■ DATA EXTRACT:
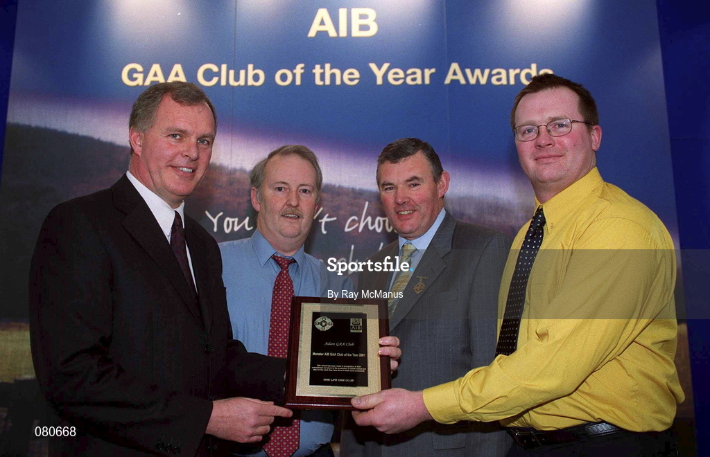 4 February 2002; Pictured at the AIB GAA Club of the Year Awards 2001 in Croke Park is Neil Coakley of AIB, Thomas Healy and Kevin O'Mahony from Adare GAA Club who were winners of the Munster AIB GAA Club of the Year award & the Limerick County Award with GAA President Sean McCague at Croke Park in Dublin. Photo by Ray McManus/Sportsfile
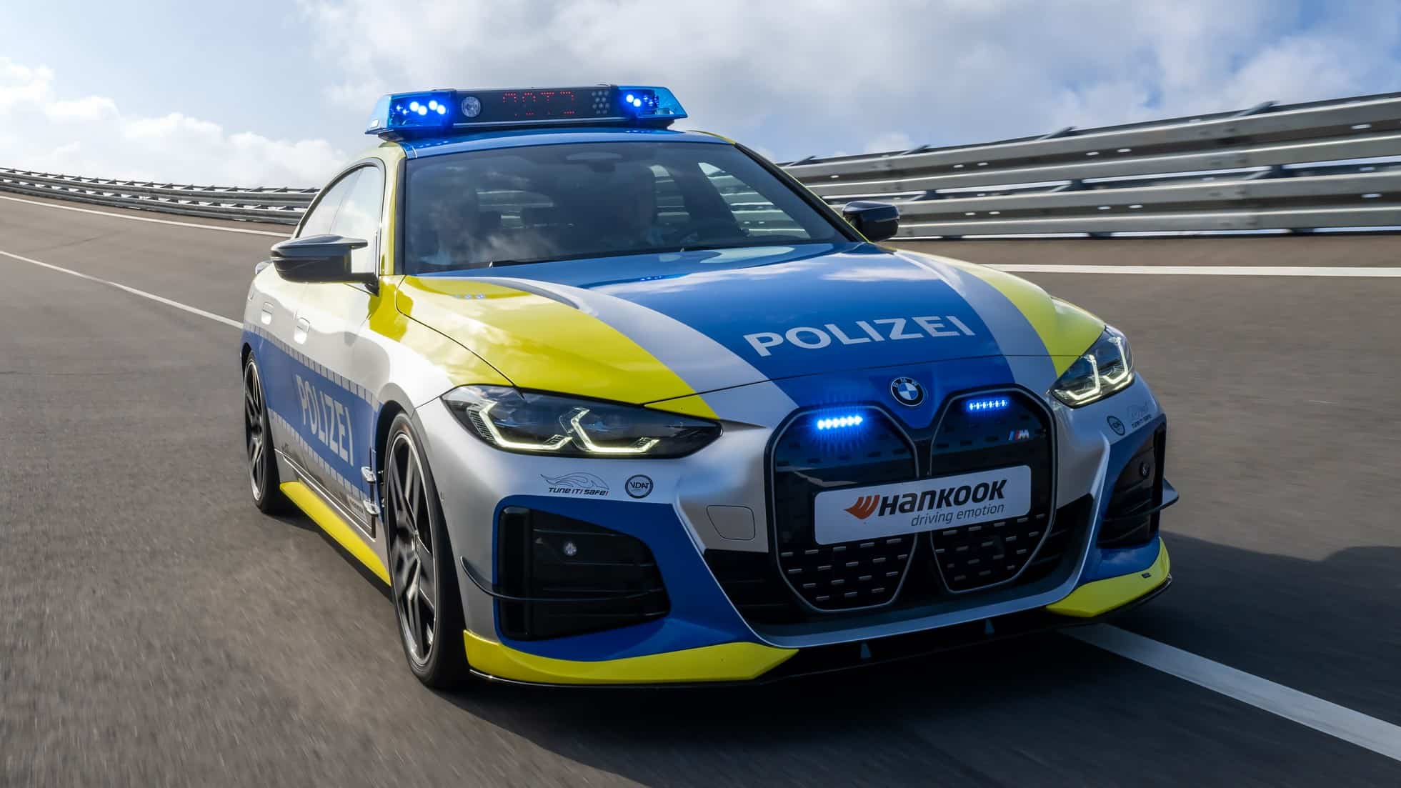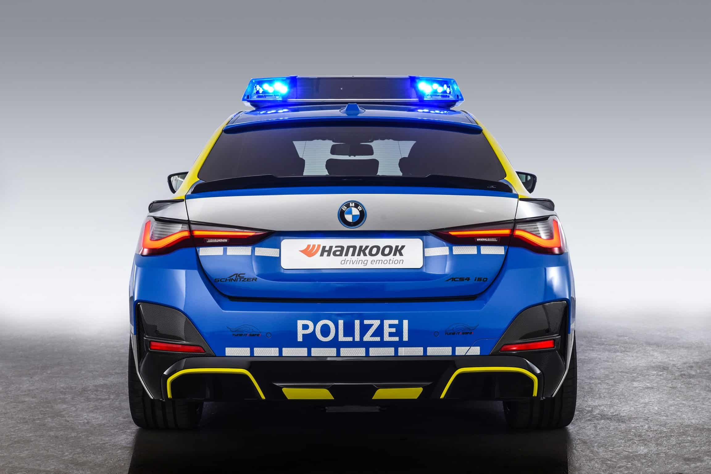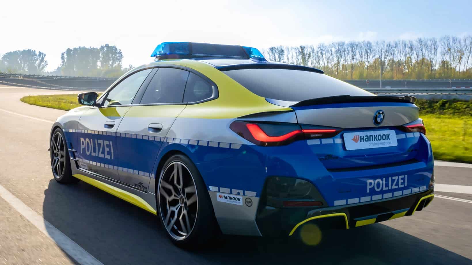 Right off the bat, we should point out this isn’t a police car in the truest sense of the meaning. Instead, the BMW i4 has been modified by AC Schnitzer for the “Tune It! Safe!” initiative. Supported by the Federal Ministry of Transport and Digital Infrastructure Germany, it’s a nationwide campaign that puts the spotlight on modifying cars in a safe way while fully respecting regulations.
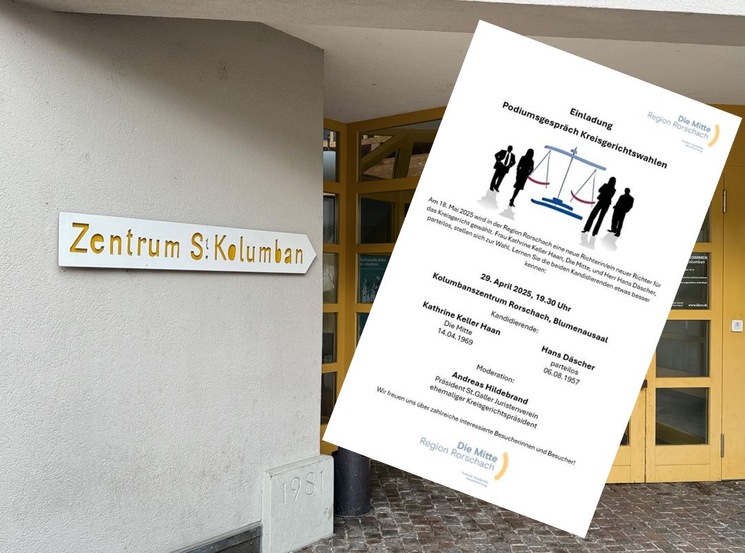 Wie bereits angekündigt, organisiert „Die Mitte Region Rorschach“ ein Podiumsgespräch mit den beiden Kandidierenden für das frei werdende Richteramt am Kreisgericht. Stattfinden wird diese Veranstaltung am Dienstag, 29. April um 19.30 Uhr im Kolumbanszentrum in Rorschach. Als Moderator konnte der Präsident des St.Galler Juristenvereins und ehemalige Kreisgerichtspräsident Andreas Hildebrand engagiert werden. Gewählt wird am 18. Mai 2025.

■ GOAL OF THE EXERCISE: Leave the images out and transcribe the rest of the material exactly.

■ ANSWER SPACE:
 4 February 2002; Pictured at the AIB GAA Club of the Year Awards 2001 in Croke Park is Neil Coakley of AIB, Thomas Healy and Kevin O'Mahony from Adare GAA Club who were winners of the Munster AIB GAA Club of the Year award & the Limerick County Award with GAA President Sean McCague at Croke Park in Dublin. Photo by Ray McManus/Sportsfile
 Right off the bat, we should point out this isn’t a police car in the truest sense of the meaning. Instead, the BMW i4 has been modified by AC Schnitzer for the “Tune It! Safe!” initiative. Supported by the Federal Ministry of Transport and Digital Infrastructure Germany, it’s a nationwide campaign that puts the spotlight on modifying cars in a safe way while fully respecting regulations.
 Wie bereits angekündigt, organisiert „Die Mitte Region Rorschach“ ein Podiumsgespräch mit den beiden Kandidierenden für das frei werdende Richteramt am Kreisgericht. Stattfinden wird diese Veranstaltung am Dienstag, 29. April um 19.30 Uhr im Kolumbanszentrum in Rorschach. Als Moderator konnte der Präsident des St.Galler Juristenvereins und ehemalige Kreisgerichtspräsident Andreas Hildebrand engagiert werden. Gewählt wird am 18. Mai 2025.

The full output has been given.